== Supplied material ==
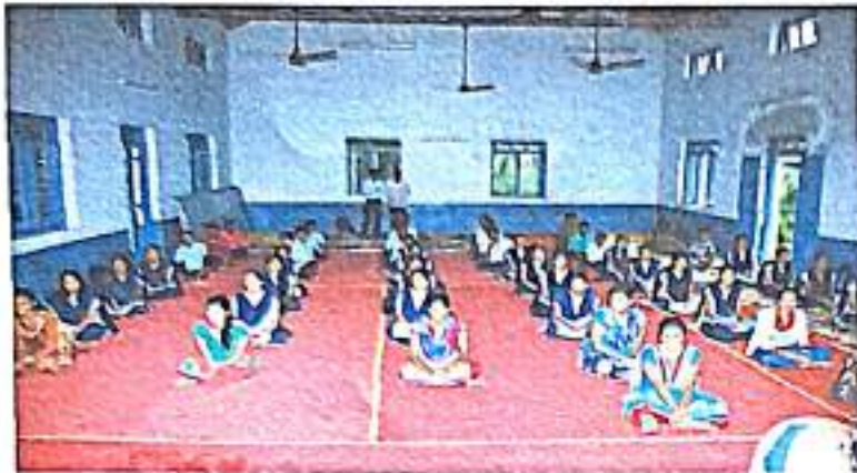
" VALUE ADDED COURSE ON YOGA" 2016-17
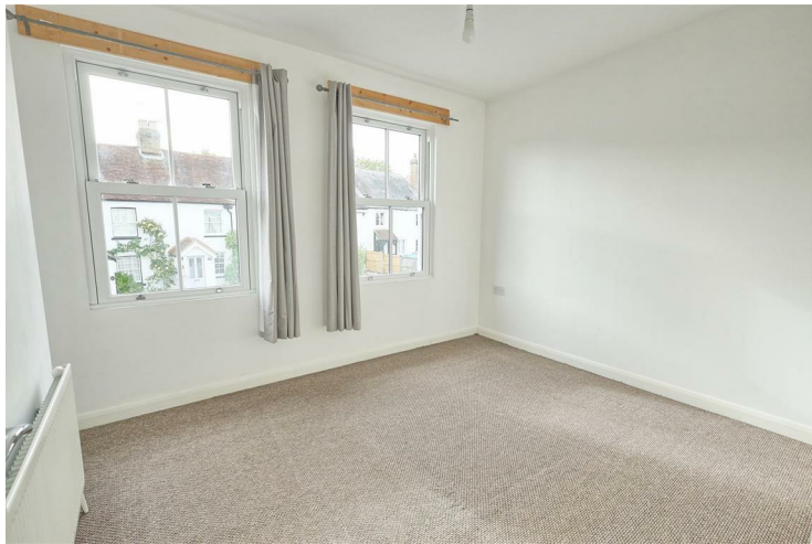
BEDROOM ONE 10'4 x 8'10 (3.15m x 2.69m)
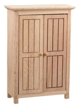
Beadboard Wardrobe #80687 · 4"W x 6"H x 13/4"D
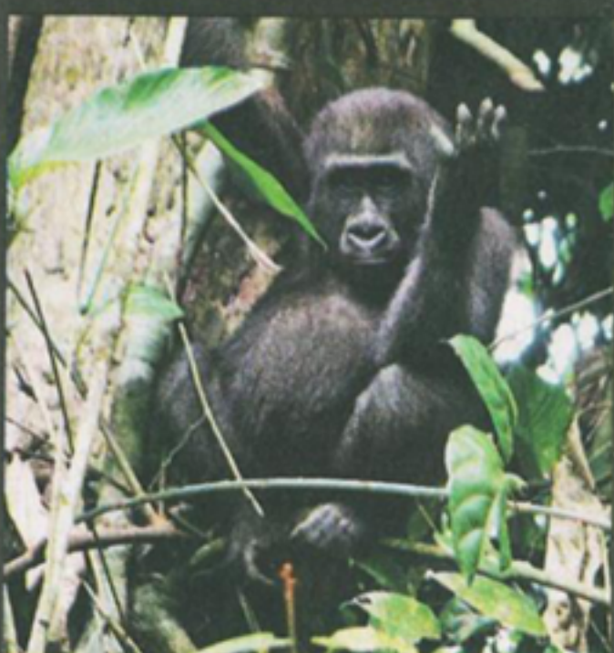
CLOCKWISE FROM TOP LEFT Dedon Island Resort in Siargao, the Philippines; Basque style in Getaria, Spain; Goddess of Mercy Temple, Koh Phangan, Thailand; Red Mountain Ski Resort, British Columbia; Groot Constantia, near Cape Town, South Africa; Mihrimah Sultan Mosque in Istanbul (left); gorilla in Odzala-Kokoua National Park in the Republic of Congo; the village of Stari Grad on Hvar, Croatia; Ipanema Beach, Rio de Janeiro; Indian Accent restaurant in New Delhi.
===
== Supplied material ==
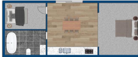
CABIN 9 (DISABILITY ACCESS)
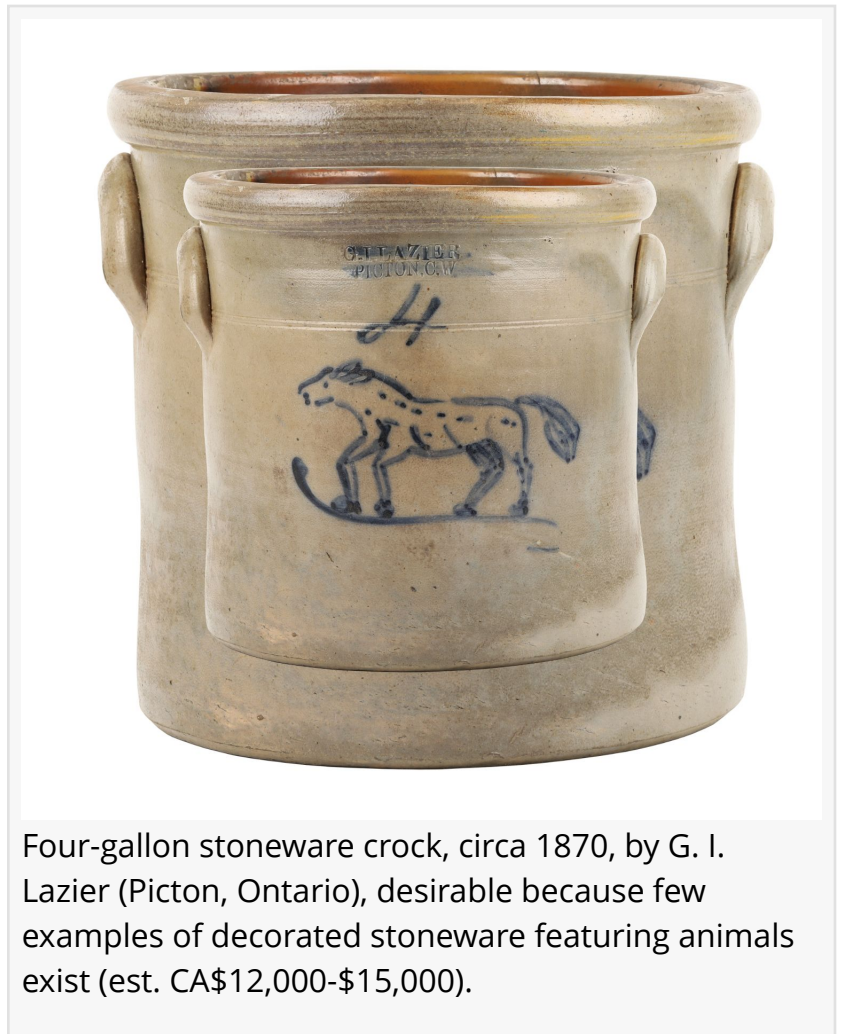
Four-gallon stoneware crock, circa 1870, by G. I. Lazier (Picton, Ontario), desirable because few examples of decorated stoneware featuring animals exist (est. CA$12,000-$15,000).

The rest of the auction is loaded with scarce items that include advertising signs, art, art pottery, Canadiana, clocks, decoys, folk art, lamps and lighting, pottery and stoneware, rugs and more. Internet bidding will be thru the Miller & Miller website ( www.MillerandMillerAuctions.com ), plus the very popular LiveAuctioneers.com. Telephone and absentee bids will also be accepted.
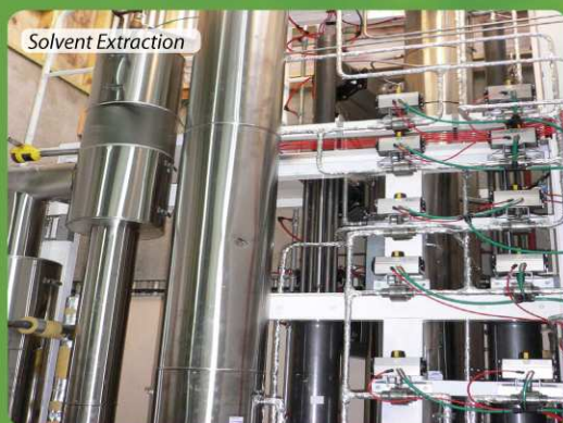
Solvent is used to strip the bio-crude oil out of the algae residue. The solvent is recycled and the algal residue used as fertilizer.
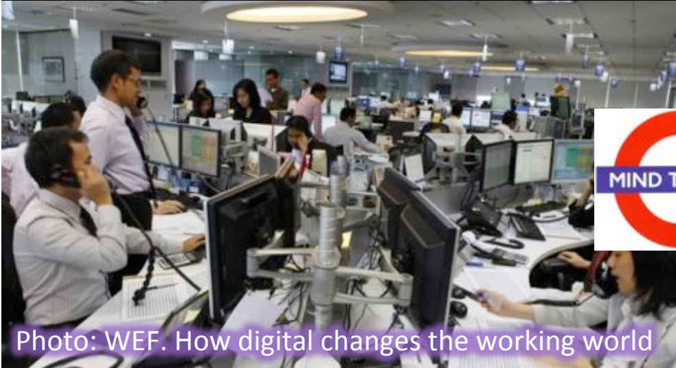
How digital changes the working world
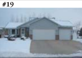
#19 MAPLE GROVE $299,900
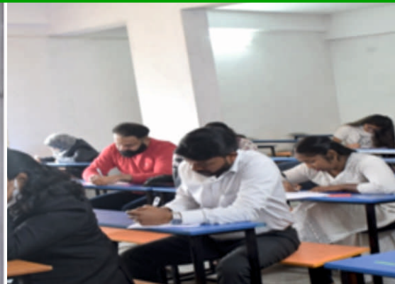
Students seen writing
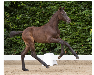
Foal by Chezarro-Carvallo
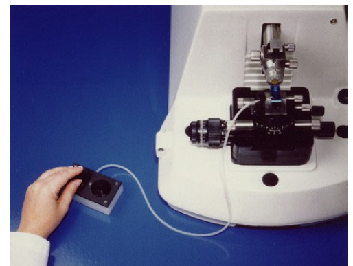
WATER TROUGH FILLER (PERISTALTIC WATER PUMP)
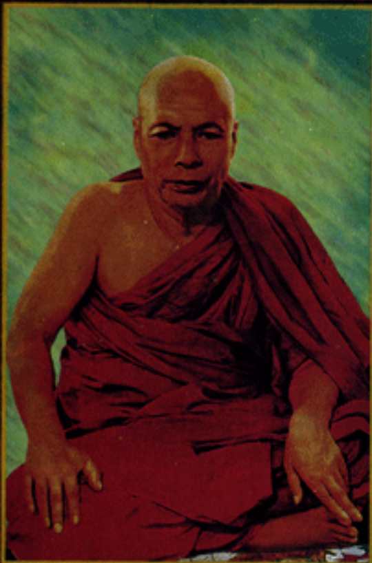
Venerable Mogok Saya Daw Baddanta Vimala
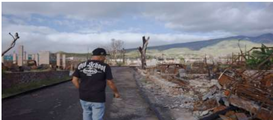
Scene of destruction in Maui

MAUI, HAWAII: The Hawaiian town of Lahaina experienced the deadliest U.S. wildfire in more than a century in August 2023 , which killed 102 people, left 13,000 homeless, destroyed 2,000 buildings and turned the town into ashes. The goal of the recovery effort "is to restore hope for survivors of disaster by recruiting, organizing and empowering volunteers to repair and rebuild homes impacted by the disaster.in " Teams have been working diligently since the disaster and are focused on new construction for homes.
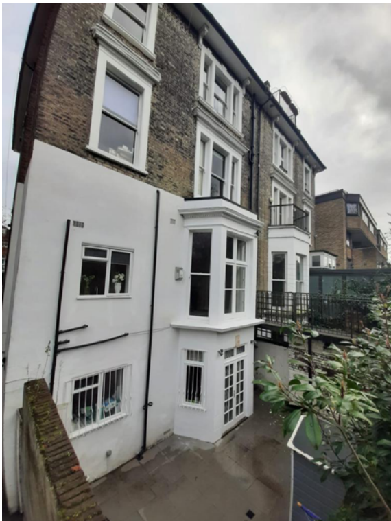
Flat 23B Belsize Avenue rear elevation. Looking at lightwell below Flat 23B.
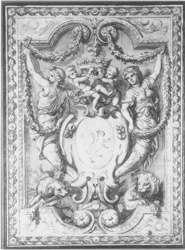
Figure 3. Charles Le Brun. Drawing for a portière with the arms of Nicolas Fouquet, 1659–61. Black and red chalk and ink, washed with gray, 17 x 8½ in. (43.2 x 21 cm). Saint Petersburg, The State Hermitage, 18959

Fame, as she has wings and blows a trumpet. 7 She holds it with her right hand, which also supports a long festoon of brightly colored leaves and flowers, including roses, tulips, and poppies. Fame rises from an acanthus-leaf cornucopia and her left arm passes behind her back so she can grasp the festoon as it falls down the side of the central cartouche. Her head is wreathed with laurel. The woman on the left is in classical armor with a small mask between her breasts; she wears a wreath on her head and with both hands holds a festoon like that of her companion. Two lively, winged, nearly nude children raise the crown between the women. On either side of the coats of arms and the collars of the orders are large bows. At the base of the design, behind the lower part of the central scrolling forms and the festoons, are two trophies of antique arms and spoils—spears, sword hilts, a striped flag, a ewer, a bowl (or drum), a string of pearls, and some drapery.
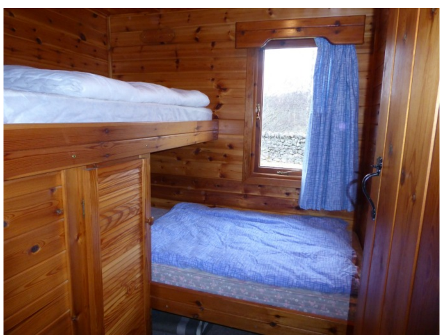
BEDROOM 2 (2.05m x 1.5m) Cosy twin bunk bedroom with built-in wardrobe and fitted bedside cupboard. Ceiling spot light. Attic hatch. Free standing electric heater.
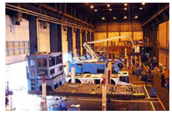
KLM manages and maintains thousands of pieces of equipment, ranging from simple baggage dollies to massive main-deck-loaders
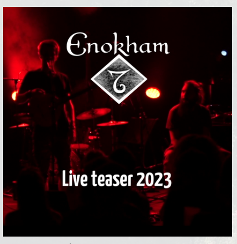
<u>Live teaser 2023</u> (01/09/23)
===
From the data above, retype only the lines starting with the line with "VALUE ADDED COURSE" and going on through the line with "Beadboard Wardrobe #80687", exactly, leaving out the pictures.

" VALUE ADDED COURSE ON YOGA" 2016-17
BEDROOM ONE 10'4 x 8'10 (3.15m x 2.69m)
Beadboard Wardrobe #80687 · 4"W x 6"H x 13/4"D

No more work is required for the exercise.